I received lots of wonderful, uplifting and heartfelt messages of support from people who I don’t often interact with on FaceBook both on my newsfeed and in private messages. This made me feel proud in a way I had not prepared myself for. It was truly heartwarming and encouraging and I knew I had made the right decision by opening up. I’m still allowing myself to feel exposed because I am, but I’m working on not caring!
I hoped by sharing my story would help remove the shame associated with any PMD generally and also within the Jewish community. Also it was me sharing my story so nothing could be taken out of context, nothing could be made up, no details could be sensationalized because they were my words. I was able to be in control of the message that went out, which for me has been a huge accomplishment.
I’m not aware of anyone in the Melbourne Jewish community that has suffered from any sort of PMD. And I know lots of people. And they/their partners had given birth. It is just not discussed and this just baffles me. Still to this day when a mother you know attends a baby sleep clinic the assumption is that the mother is struggling with the lack of sleep and it’s the baby that needs help to sleep and settle.
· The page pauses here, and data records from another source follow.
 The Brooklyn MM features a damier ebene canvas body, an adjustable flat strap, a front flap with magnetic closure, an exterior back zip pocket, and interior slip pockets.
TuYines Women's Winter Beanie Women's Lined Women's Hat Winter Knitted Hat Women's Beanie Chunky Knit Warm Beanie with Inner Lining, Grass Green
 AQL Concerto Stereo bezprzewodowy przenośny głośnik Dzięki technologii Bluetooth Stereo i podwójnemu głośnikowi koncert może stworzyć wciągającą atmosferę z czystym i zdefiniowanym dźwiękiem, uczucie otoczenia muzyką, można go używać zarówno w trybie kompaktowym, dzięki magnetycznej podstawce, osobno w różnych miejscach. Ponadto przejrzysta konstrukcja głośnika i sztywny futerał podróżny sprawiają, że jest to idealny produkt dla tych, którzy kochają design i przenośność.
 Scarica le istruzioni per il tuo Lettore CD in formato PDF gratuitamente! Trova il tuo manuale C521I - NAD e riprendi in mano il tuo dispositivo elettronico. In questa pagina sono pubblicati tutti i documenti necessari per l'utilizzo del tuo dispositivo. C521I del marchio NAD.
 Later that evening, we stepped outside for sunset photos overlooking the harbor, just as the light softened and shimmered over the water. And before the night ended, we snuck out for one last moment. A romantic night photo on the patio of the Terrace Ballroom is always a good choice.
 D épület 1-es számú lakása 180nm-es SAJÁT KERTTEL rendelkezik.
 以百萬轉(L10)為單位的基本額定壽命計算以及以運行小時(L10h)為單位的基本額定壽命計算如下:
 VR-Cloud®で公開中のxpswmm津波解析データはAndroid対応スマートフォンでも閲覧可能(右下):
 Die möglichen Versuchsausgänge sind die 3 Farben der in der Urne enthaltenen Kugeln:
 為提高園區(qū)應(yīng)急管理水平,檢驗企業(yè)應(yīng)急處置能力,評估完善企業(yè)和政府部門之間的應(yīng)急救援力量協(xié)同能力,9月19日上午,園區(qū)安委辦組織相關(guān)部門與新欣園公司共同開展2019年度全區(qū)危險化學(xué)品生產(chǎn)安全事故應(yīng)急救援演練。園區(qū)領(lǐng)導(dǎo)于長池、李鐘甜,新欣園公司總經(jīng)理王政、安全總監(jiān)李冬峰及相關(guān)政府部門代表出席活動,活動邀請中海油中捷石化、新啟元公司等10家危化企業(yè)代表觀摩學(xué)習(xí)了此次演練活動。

There is nothing wrong with the mother and she definitely isn’t suffering with any Postpartum Mood Disorder.
If I’m being truthful, it really doesn’t matter about my background, my upbringing, my religion or anything. Postpartum Mood Disorders (PMD’s) are still not talked about in our community, in most communities and it’s as though the problem doesn’t exist. I find this extremely sad and disheartening.
I am not going to say that everything happens for a reason as I believe things just happen because they happen. There is no reason I got my PMD over the girl next door. It’s what I am doing about having and surviving from my PMD that matters. I would like to think that sharing my story will start the dialogue and get people sharing, talking, listening, helping and loving so that the shame and stigma of having PPD diminishes and one day is no longer. I want to arm expectant mums, new mums and experienced mums with information about PMD’s – and it’s lack of religious and social discrimination – that help is available and recovery is possible. Most importantly, I wish to impart the message of hope to every mother, no matter what race or creed.